REQUIREMENT
The expected response is the complete listing below, restated exactly, with its pictures omitted.

-- PROVIDED DATA follows --

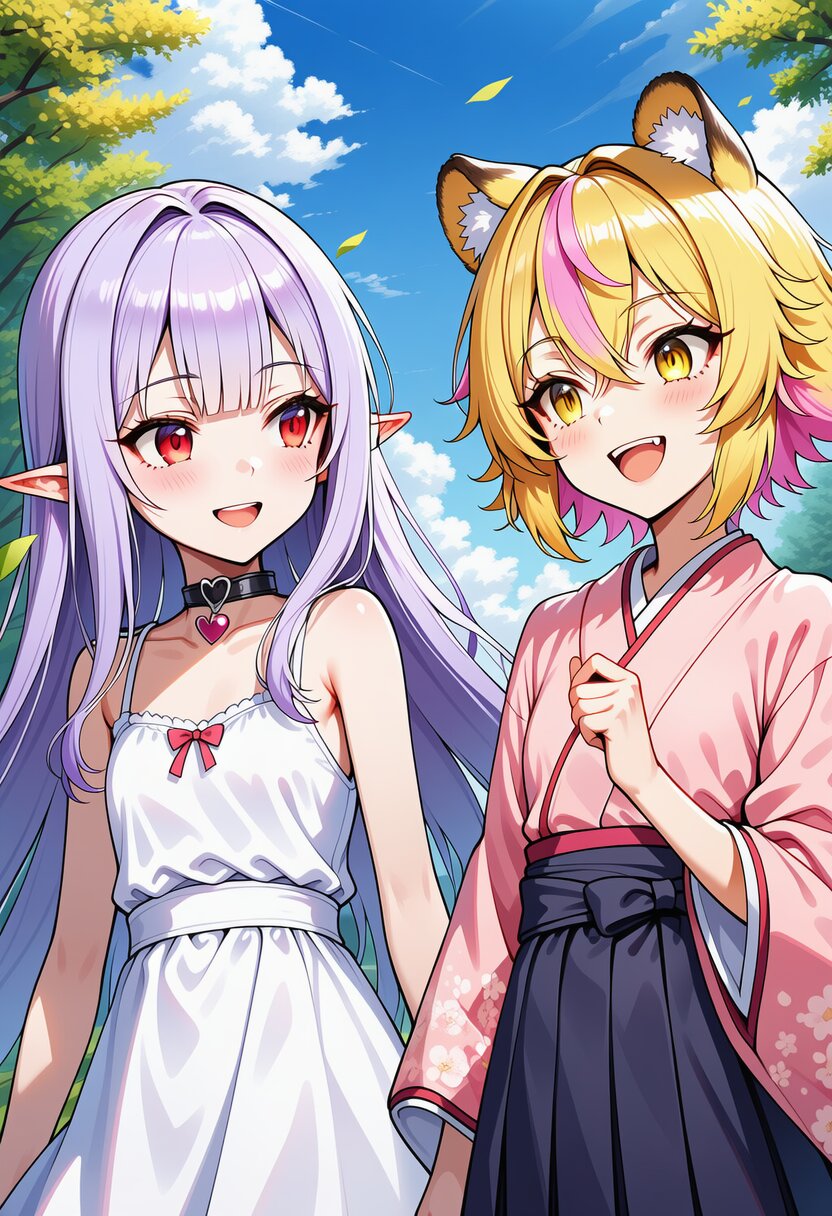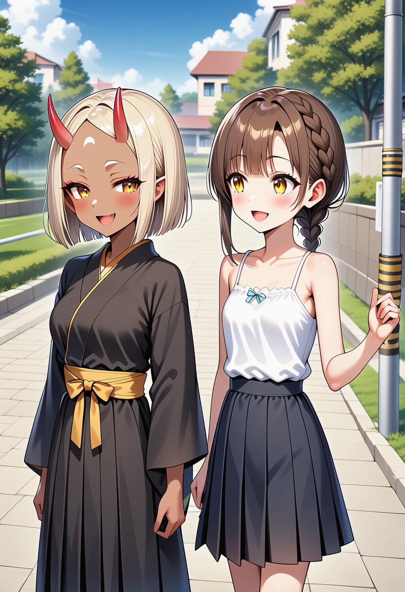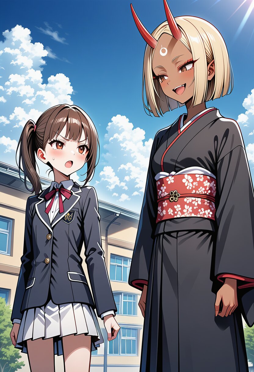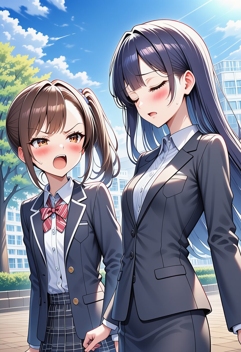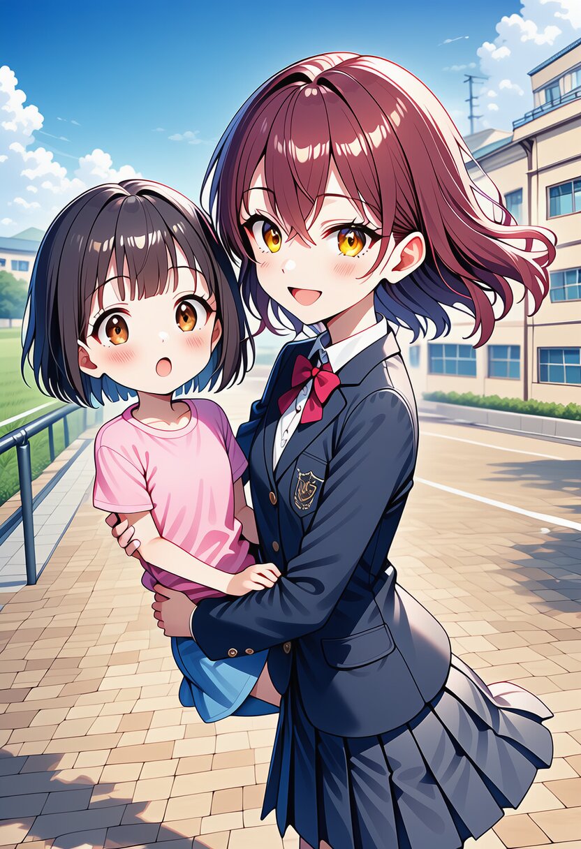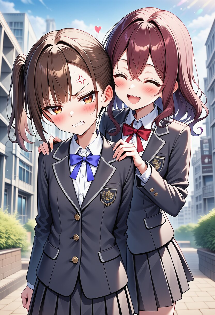 ai-generated, year 2024, anime style, 2girl, side by side, looking at each other, midday, outdoor, in school, from front angle, masterpiece, best quality, ultra detailed, perfect fingers, high resolution, absurdres, perfect anotomy, detailed background, unity 8k wallpaper, location, -2.5::hugging, looking at viewer::, very aesthetic, masterpiece, no text
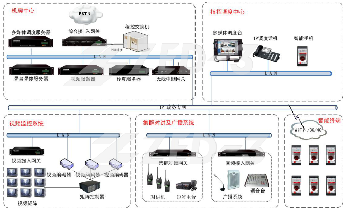 捷思銳政府應(yīng)急指揮平臺依托電子政務(wù)專網(wǎng),將各種通信終端接入綜合指揮調(diào)度系統(tǒng),進(jìn)行統(tǒng)一的呼叫調(diào)度和錄音,并提供與業(yè)務(wù)系統(tǒng)、地理信息系統(tǒng)、短信平臺的對接。綜合指揮調(diào)度系統(tǒng)融合了PSTN公共交換電話網(wǎng)、集群通信系統(tǒng)、公眾移動通信系統(tǒng)、多路傳真系統(tǒng)、視頻調(diào)度系統(tǒng)、音響廣播系統(tǒng)等。
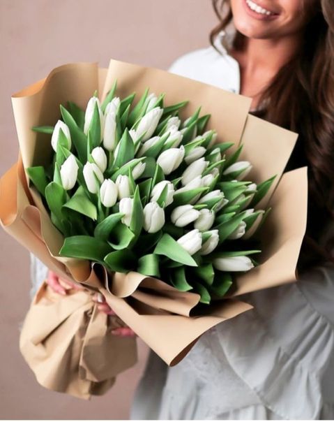 Тридцать семь тюльпанов создают яркое цветовое пятно в любом интерьере. Крафтовая упаковка оставляет композицию открытой и подчёркивает графику стеблей. Букет выглядит свободно и современно.
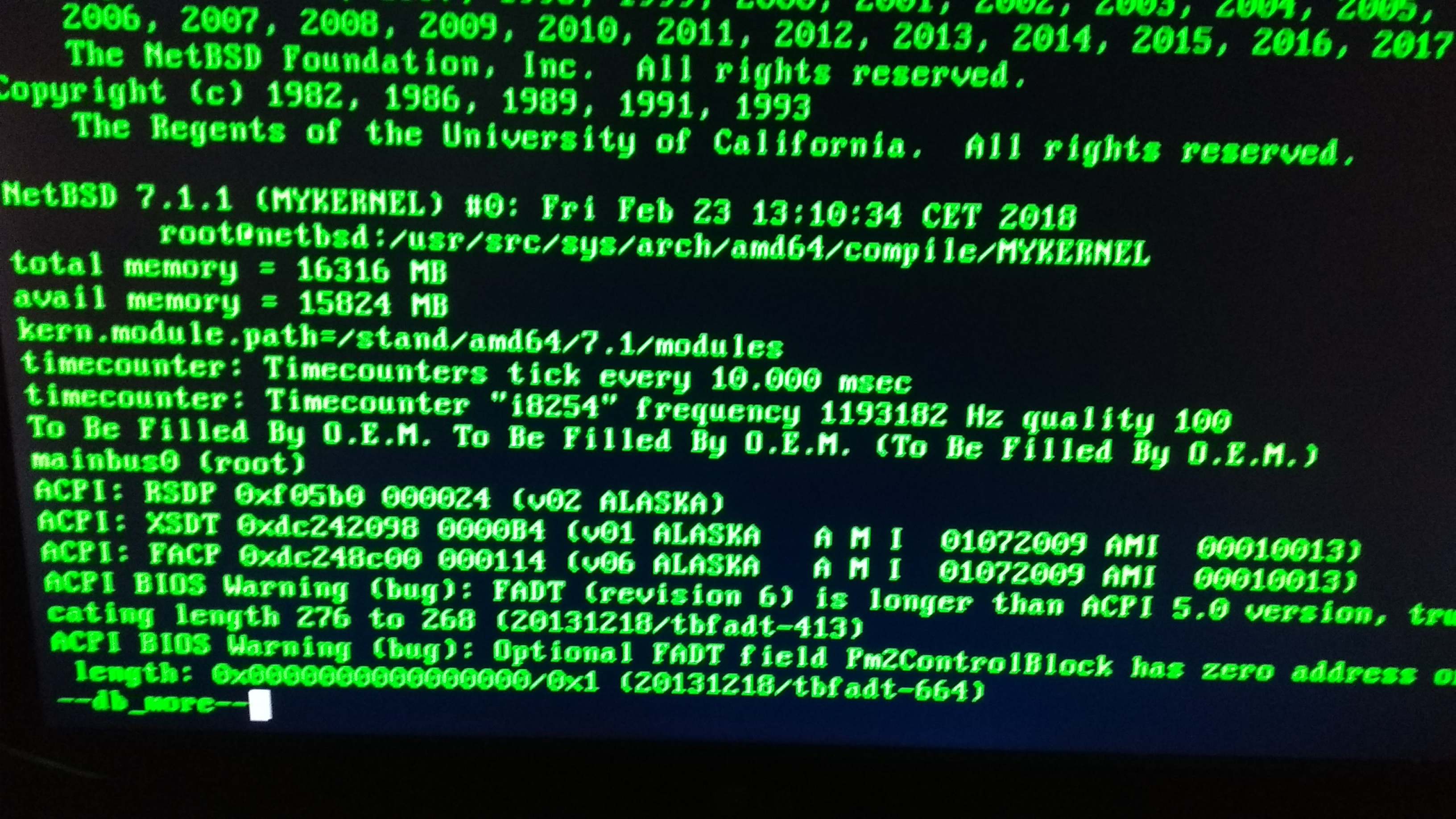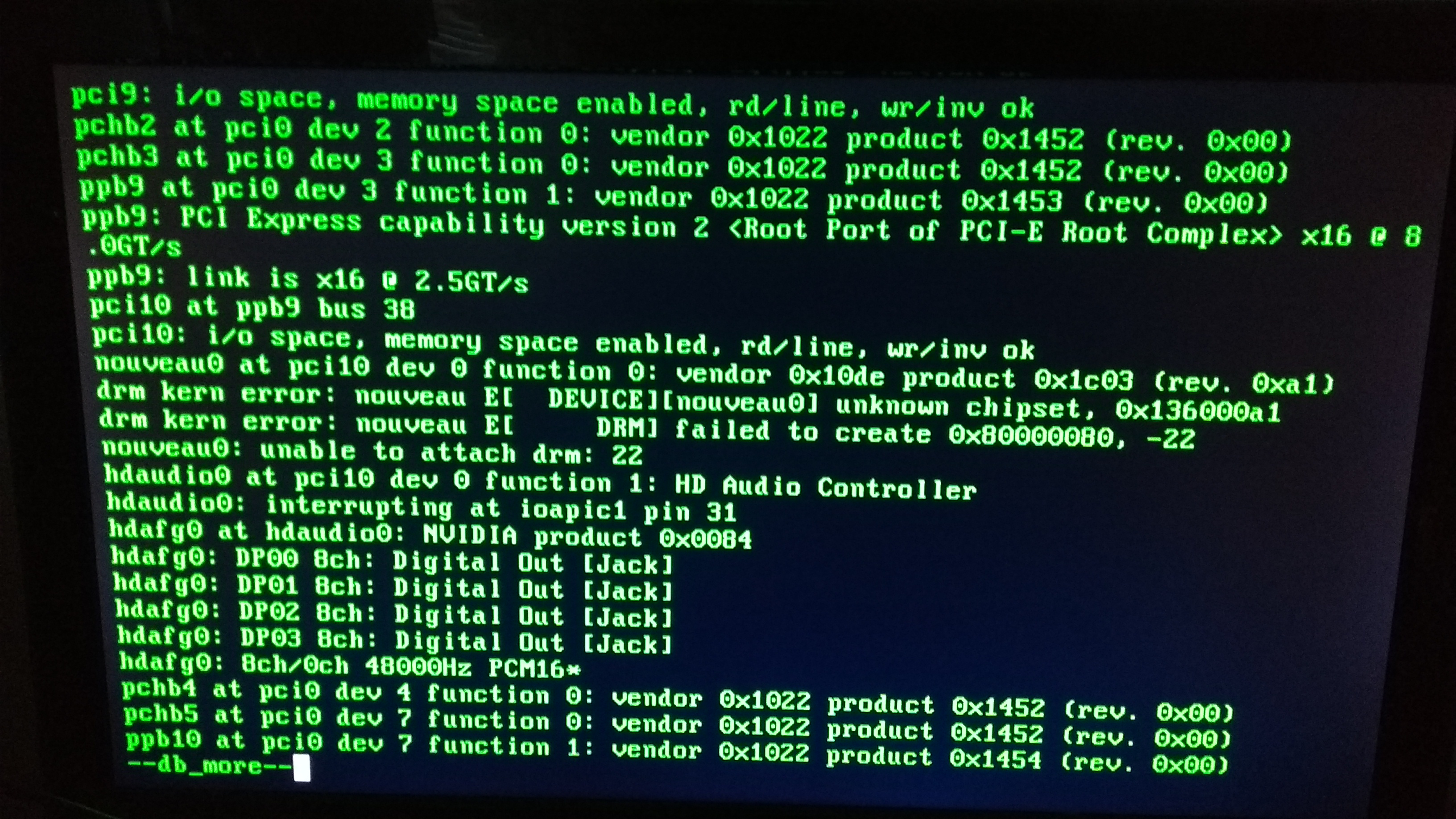 Hi,I just tried NetBSD 7.1.1 on my desktop machine. As I have a Nvidia graphics board i compiled a kernel with nouveau enabled. Unfortunatly the kernel crashes. I also tried a current NetBSD 8_BETA build. It looks like it has the same crash.
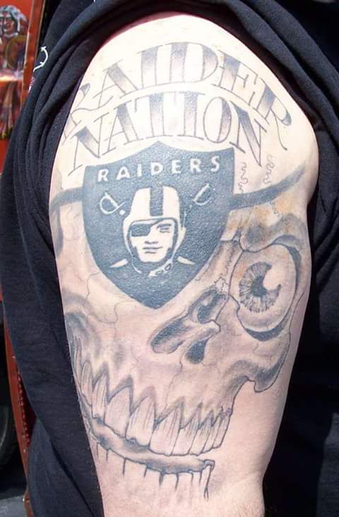 Raiders Tattoo / Oakland Raiders Skull Tattoo On Biceps - Go bold with classic team colors and logos, or snag some trendy metallic las vegas raiders designs.. Click here to visit our gallery: This is not the first time a professional athlete. Get the latest las vegas raiders news, photos, rankings, lists and more on bleacher report Awesome champion oakland raiders tattoo on left half sleeve. Published on july 25, 2016 , under tattoos.
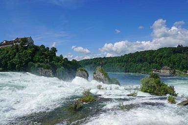 Keywords: rhine falls high water schaffhausen neuhausen am rheinfall water mass rock run closed schloessli woerth rhine switzerland
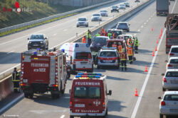 Wenig später ereignete sich im Rückstaubereich zwischen der Autobahnab- und Auffahrt ebenfalls ein Verkehrsunfall. Mehrere Personen wurden bei dem Unfall leicht verletzt. Rettungsdienst und ein praktischer Arzt standen im Einsatz. Der Streckendienst sicherte die Unfallstelle ab und unterstützte bei den Aufräumarbeiten.
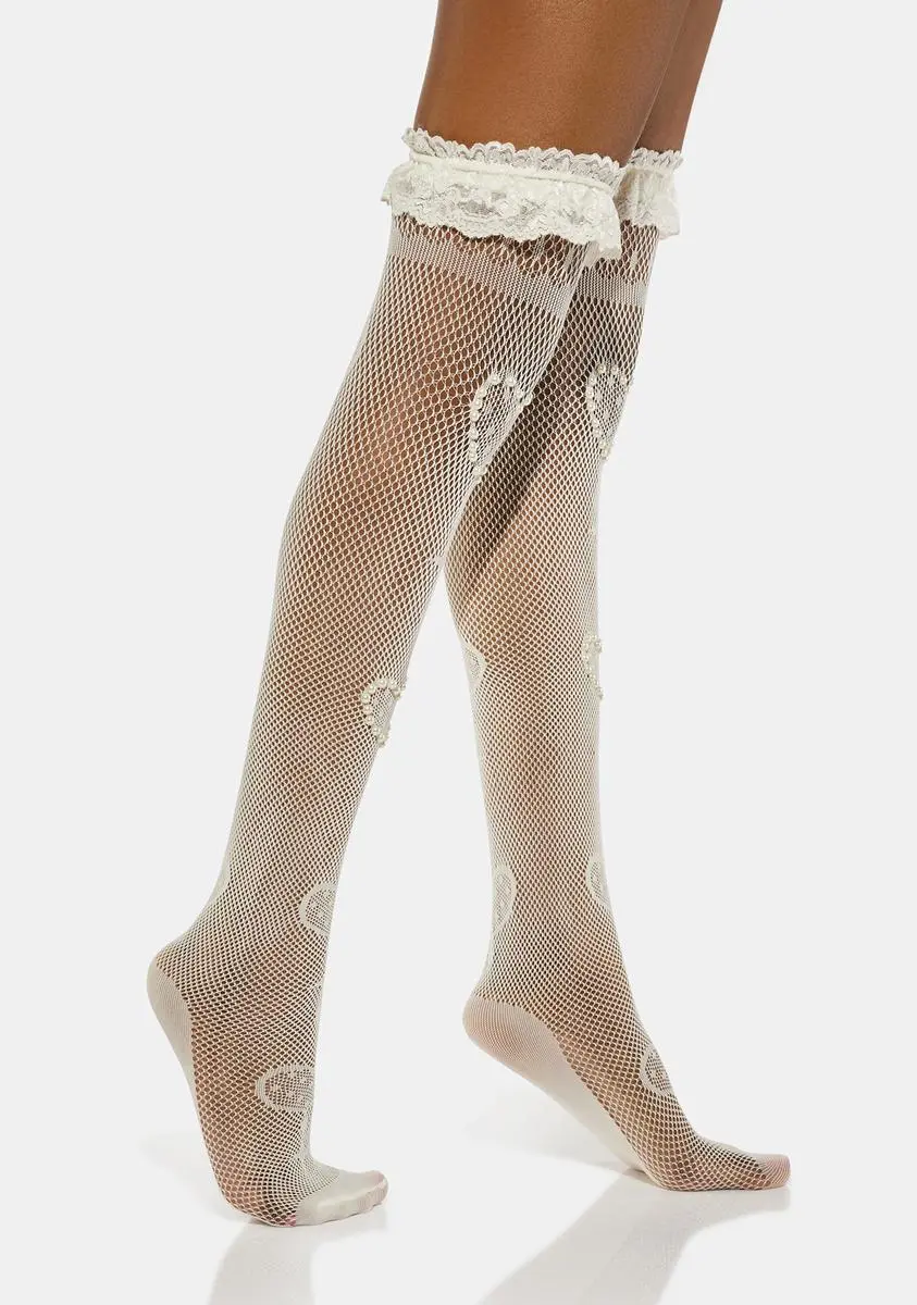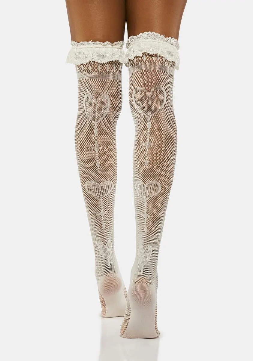 you sweep me off my feet. These thigh high socks come in a fishnet construction, with lace trim, and heart and cross details.
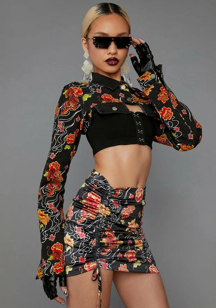 cuz you wear your heart on our sleeve. This twill shrug trucker jacket has a pointed collar, faux pocket flaps, and snap button closures.

-- PROVIDED DATA concluded --

RESULT OF THIS TASK
 ai-generated, year 2024, anime style, 2girl, side by side, looking at each other, midday, outdoor, in school, from front angle, masterpiece, best quality, ultra detailed, perfect fingers, high resolution, absurdres, perfect anotomy, detailed background, unity 8k wallpaper, location, -2.5::hugging, looking at viewer::, very aesthetic, masterpiece, no text
 捷思銳政府應(yīng)急指揮平臺依托電子政務(wù)專網(wǎng),將各種通信終端接入綜合指揮調(diào)度系統(tǒng),進(jìn)行統(tǒng)一的呼叫調(diào)度和錄音,并提供與業(yè)務(wù)系統(tǒng)、地理信息系統(tǒng)、短信平臺的對接。綜合指揮調(diào)度系統(tǒng)融合了PSTN公共交換電話網(wǎng)、集群通信系統(tǒng)、公眾移動通信系統(tǒng)、多路傳真系統(tǒng)、視頻調(diào)度系統(tǒng)、音響廣播系統(tǒng)等。
 Тридцать семь тюльпанов создают яркое цветовое пятно в любом интерьере. Крафтовая упаковка оставляет композицию открытой и подчёркивает графику стеблей. Букет выглядит свободно и современно.
 Hi,I just tried NetBSD 7.1.1 on my desktop machine. As I have a Nvidia graphics board i compiled a kernel with nouveau enabled. Unfortunatly the kernel crashes. I also tried a current NetBSD 8_BETA build. It looks like it has the same crash.
 Raiders Tattoo / Oakland Raiders Skull Tattoo On Biceps - Go bold with classic team colors and logos, or snag some trendy metallic las vegas raiders designs.. Click here to visit our gallery: This is not the first time a professional athlete. Get the latest las vegas raiders news, photos, rankings, lists and more on bleacher report Awesome champion oakland raiders tattoo on left half sleeve. Published on july 25, 2016 , under tattoos.
 Keywords: rhine falls high water schaffhausen neuhausen am rheinfall water mass rock run closed schloessli woerth rhine switzerland
 Wenig später ereignete sich im Rückstaubereich zwischen der Autobahnab- und Auffahrt ebenfalls ein Verkehrsunfall. Mehrere Personen wurden bei dem Unfall leicht verletzt. Rettungsdienst und ein praktischer Arzt standen im Einsatz. Der Streckendienst sicherte die Unfallstelle ab und unterstützte bei den Aufräumarbeiten.
 you sweep me off my feet. These thigh high socks come in a fishnet construction, with lace trim, and heart and cross details.
 cuz you wear your heart on our sleeve. This twill shrug trucker jacket has a pointed collar, faux pocket flaps, and snap button closures.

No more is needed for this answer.